Apple : PROPN --> Apple | Dependency: nsubj
is : AUX --> be | Dependency: aux
looking : VERB --> look | Dependency: ROOT
at : ADP --> at | Dependency: prep
buying : VERB --> buy | Dependency: pcomp
U.K. : PROPN --> U.K. | Dependency: nsubj
startup : VERB --> startup | Dependency: ccomp
for : ADP --> for | Dependency: prep
$ : SYM --> $ | Dependency: quantmod
1 : NUM --> 1 | Dependency: compound
billion : NUM --> billion | Dependency: pobj


## Extended Token Attributes

In [6]:
# All in one: POS, Lemma, Dependency, Shape, Alphabet check, Stop word check
for token in doc:
    print(token.text, ":", token.pos_, "-->", token.lemma_, "|", 
          "Dep:", token.dep_, "| Shape:", token.shape_, 
          "| Alpha:", token.is_alpha, "| Stopword:", token.is_stop)

Apple : PROPN --> Apple | Dep: nsubj | Shape: Xxxxx | Alpha: True | Stopword: False
is : AUX --> be | Dep: aux | Shape: xx | Alpha: True | Stopword: True
looking : VERB --> look | Dep: ROOT | Shape: xxxx | Alpha: True | Stopword: False
at : ADP --> at | Dep: prep | Shape: xx | Alpha: True | Stopword: True
buying : VERB --> buy | Dep: pcomp | Shape: xxxx | Alpha: True | Stopword: False
U.K. : PROPN --> U.K. | Dep: nsubj | Shape: X.X. | Alpha: False | Stopword: False
startup : VERB --> startup | Dep: ccomp | Shape: xxxx | Alpha: True | Stopword: False
for : ADP --> for | Dep: prep | Shape: xxx | Alpha: True | Stopword: True
$ : SYM --> $ | Dep: quantmod | Shape: $ | Alpha: False | Stopword: False
1 : NUM --> 1 | Dep: compound | Shape: d | Alpha: False | Stopword: False
billion : NUM --> billion | Dep: pobj | Shape: xxxx | Alpha: True | Stopword: False


> Note — **spaCy does not do *everything* NLTK does**, but it covers almost all the **practical / production-level NLP tasks**. Let me break this down clearly for your notebook:

# NLTK vs spaCy – Coverage

## Things you can do with both NLTK & spaCy

* **Tokenization** (word, sentence, paragraph)
* **Part of Speech (POS) tagging**
* **Lemmatization**
* **Dependency Parsing**
* **Named Entity Recognition (NER)**
* **Stopword Removal**
* **Word Similarity (using embeddings)**
* **Text Classification (with training)**

## Things spaCy does better than NLTK

* **Speed** → much faster for large text.
* **Pre-trained models** → spaCy has `en_core_web_sm`, `md`, `lg`.
* **NER & Dependency Parsing** → built-in and more accurate.
* **Integration with deep learning** → easily works with PyTorch, TensorFlow.
* **Pipeline structure** → everything runs in a single `nlp()` call.

## Things NLTK does that spaCy does not (or less focused)

* **Corpora access** (movie reviews, Brown corpus, WordNet, etc.).
* **Linguistic resources** (CFG parsing, grammar trees, etc.).
* **Educational focus** (helps students learn concepts).
* **Rule-based text processing** (regex tokenizer, stemmers).
* **Language coverage** → NLTK supports more small academic datasets.


## Key Points:
    
* **If you want research, corpora, and learning basics → use NLTK.**
* **If you want production-ready pipelines, speed, and accuracy → use spaCy.**
* In real projects → many people **learn with NLTK, but deploy with spaCy**.

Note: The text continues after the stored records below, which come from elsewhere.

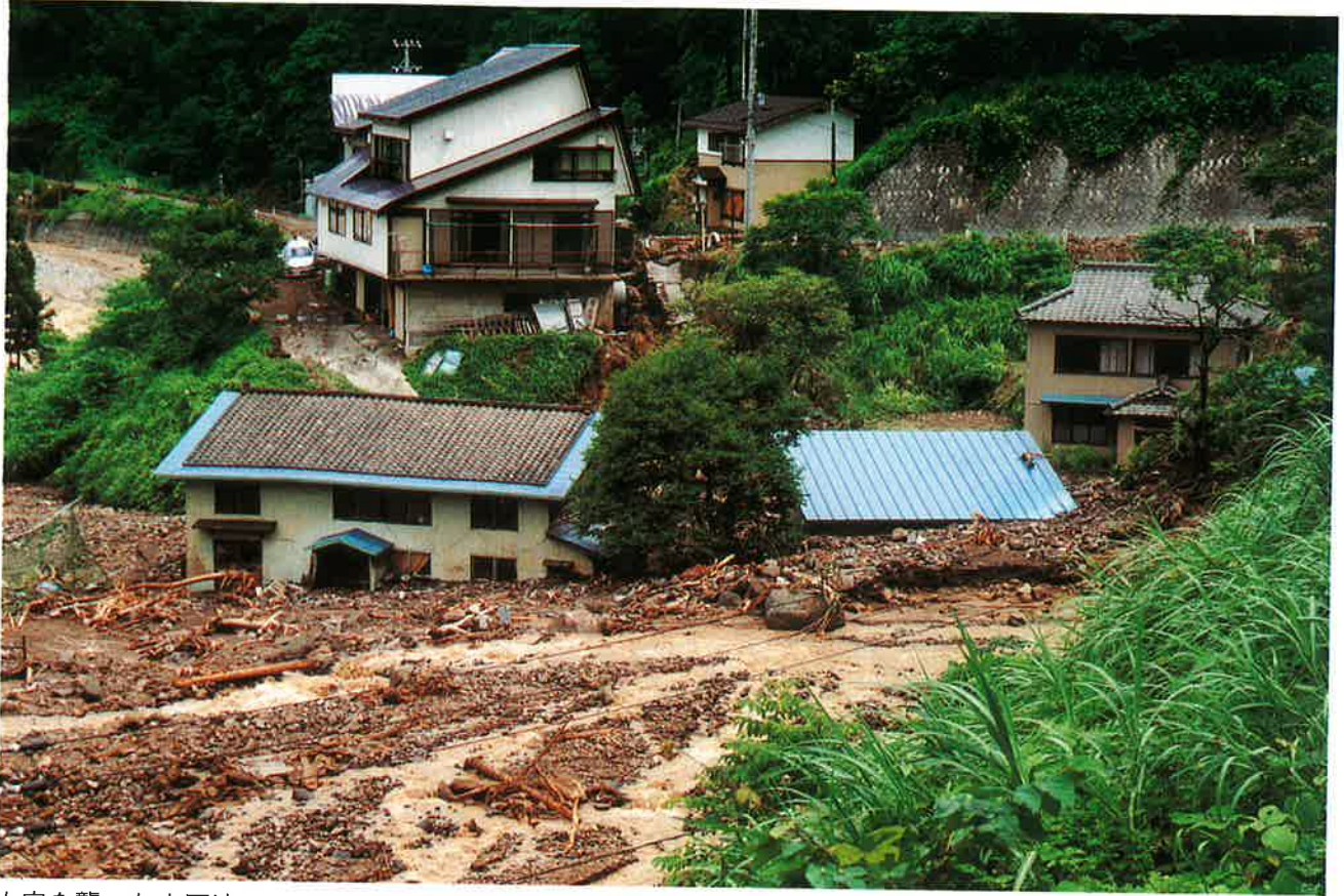
人家を襲った土石流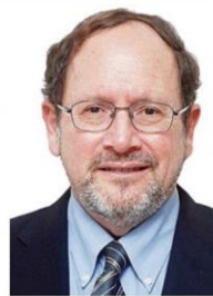
ศ.นพ.จอห์น ดี. คอลลินส์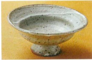
08002-667 灰みかけ高台鉢(信楽焼) 3,200円 70入 (15×6cm)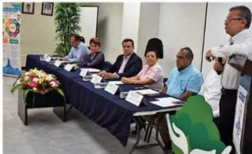
En conferencia de prensa se informó que el Centro Estatal de Trasplantes de Guerrero, y el Centro de Trasplantes (CENATRA), llevan a cabo el Curso de Formación de Promotores Líderes de la Donación de Órganos y Tejidos con fines de Trasplante.

esta donación". Ap- apoyo del CENATRA director José Salva en las labores de de la cultura de d órganos y tejidos o trasplantes.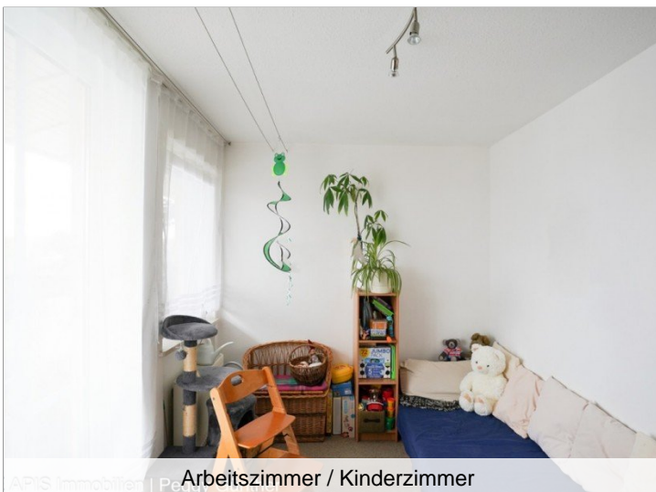
Arbeitszimmer / Kinderzimmer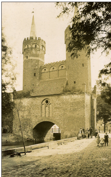
Ryc. 5. Fotografia Bramy Młyńskiej, ok. 1900-1920.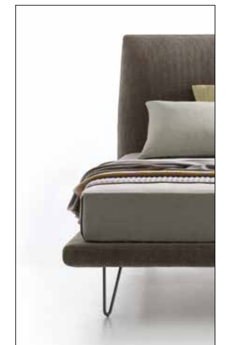
Piede in metallo Metal feet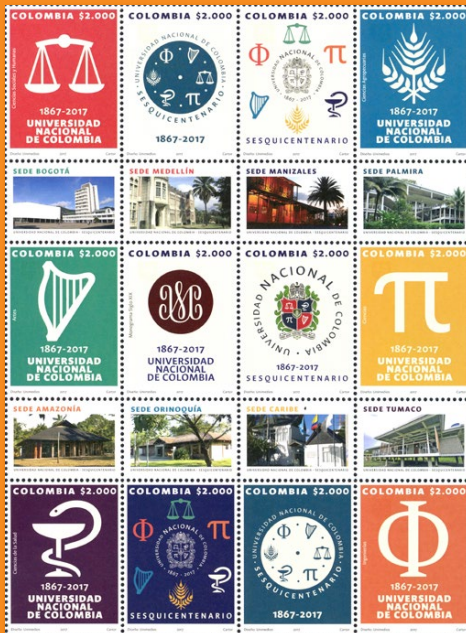
12 Sesquicentenario Universidad Nacional de Colombia 1867-2017 Agosto 31. Valor facial $2.000 pesos. Tiraje 89.856 unidades. Pliego con doce estampillas. WNS CO029.17 al CO040.17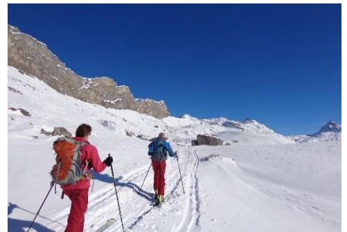
Langes flaches Stück entlang Hohmad (Reko 2023)

Abfahrt: Ab Tannenrotisand (P. 2536) geht's nordseitig via Schönboden, Heufrutt (P. 1896) und dann in bewaldetem, z.T. steilerem Gelände nach Oberboden, Schwend und weiter bis Stöckalp (1071m).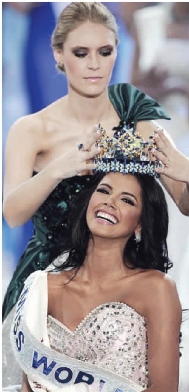
上届世界小姐比赛冠军为萨尔科斯基戴上桂冠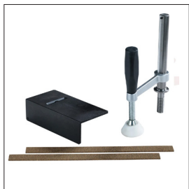
Zubehörsatz Original 1900 Art nr 33829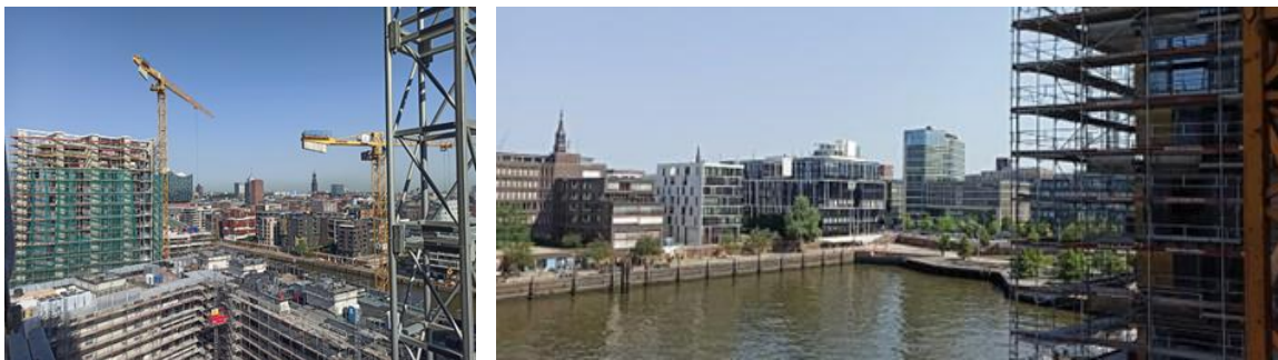
SKAI in Hamburg

Besonderheiten: Die Türme wurden mit dem Umweltprädikat Hafencity Hamburg GmbH (HCH) in Gold ausgezeichnet.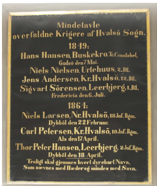
Mindetavle for faldne fra Hvalsø

Kirkeskib fra 1722. Det siges at skibet er skænket af en fra sognet, som var i havsnød.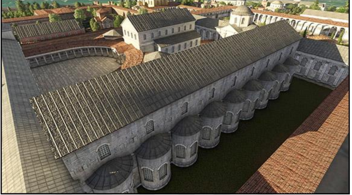
Görsel 4.3. On dokuz akkubita salonunun dış cepheden görünüşü.

beslemeyeceğine ve soğukkanlılıkla devleti yöneteceğine dair yemin etmesini istediler. Bu yemin edilir edilmez, hipodroma geçti. Araba yarışlarında senatörlerin imparatorun önünde eğildiği yer olan salona geçildi. Altın renk bir clavi ile bir sticharion, diveteson ve kemer kuşandı. Tozluk ve sandallarını giydi. Başı açık şekilde kathismaya gitti. 696

## Quick Example: Same task in NLTK vs spaCy

### Tokenization with NLTK

In [7]:
from nltk.tokenize import word_tokenize
text = "Apple is looking at buying U.K. startup for $1 billion"
print(word_tokenize(text))

['Apple', 'is', 'looking', 'at', 'buying', 'U.K.', 'startup', 'for', '$', '1', 'billion']

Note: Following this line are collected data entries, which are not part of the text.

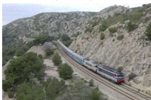
27 mars 2010 - MEJEAN - TEOZ Bordeaux - Nice détourné par la Côte Bleue avec renfort d'une BB 67400.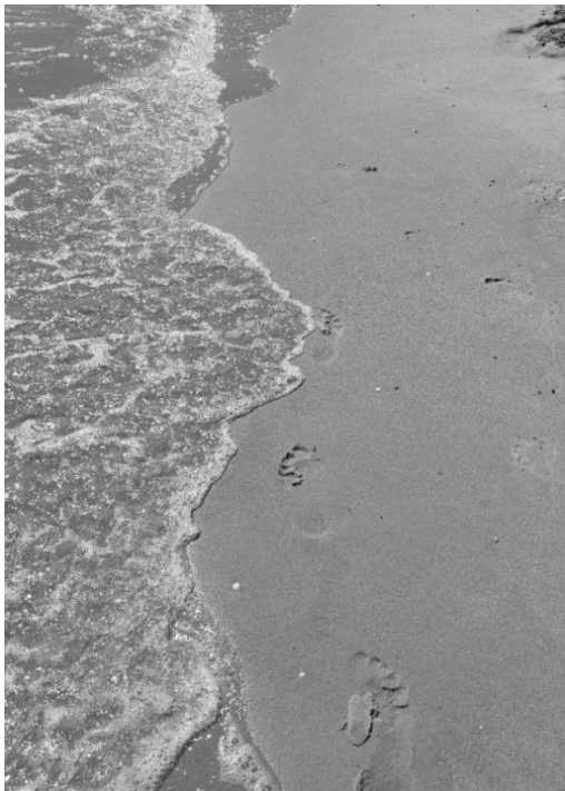
Рис. 2. Фото 1.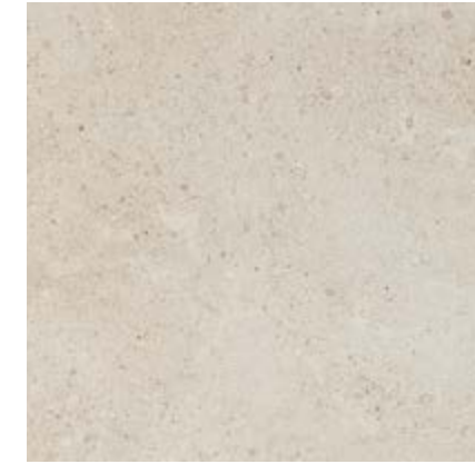
米白色 • Bianco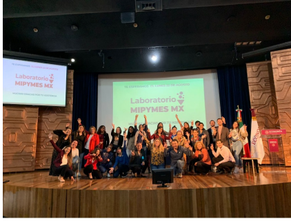
Foto: Evento de inauguración del Laboratorio MIPYMES.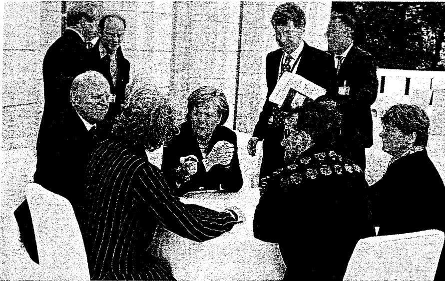
Komplexes Problemlösen gefordert: Angela Merkel muss auf dem G8-Gipfel in Heiligendamm viele verschiedene Interessen beachten, wie hier im Gespräch mit den Nichtpolitikern Bob Geldof und Bono

PH In den jüngsten PISA-Studien spielt das komplexe Problemlösen als schulfachunabhängige Schlüsselqualifikation eine übergeordnete Rolle. Sind deutsche Schulen stimmungs- und denktötende Umwelten?

### Tokenization with spaCy

In [8]:
import spacy
nlp = spacy.load("en_core_web_sm")
doc = nlp("Apple is looking at buying U.K. startup for $1 billion")
print([token.text for token in doc])

['Apple', 'is', 'looking', 'at', 'buying', 'U.K.', 'startup', 'for', '$', '1', 'billion']

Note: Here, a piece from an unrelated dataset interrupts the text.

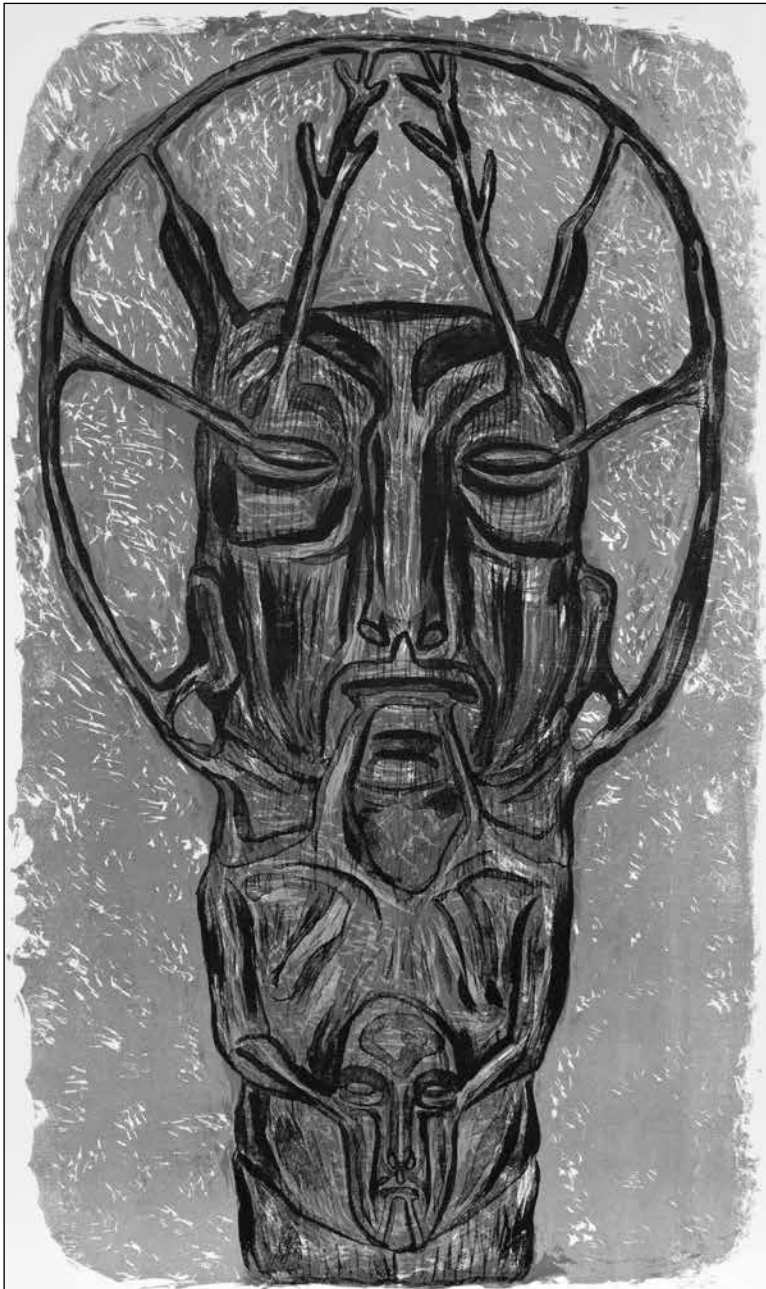
Gaál József: Lapok a „HOMOGRAM” mappából III.

## **Advantages of spaCy**

- Fast & efficient for large-scale NLP tasks.

- Provides state-of-the-art models for POS tagging, NER, dependency parsing.

- Easy to integrate with deep learning frameworks (TensorFlow, PyTorch).

- Production-ready with optimized pipelines.

## **Disadvantages of spaCy**

- Less suitable for linguistic research (NLTK has more linguistic corpora).

- Requires downloading large models for advanced features.

- Fewer built-in datasets compared to NLTK.

# Conclusion

- spaCy is a modern alternative to NLTK, better suited for real-world applications.

- It makes text processing pipelines faster and simpler.

- Great for tasks like Tokenization, POS tagging, Lemmatization, Named Entity Recognition (NER), and Dependency Parsing.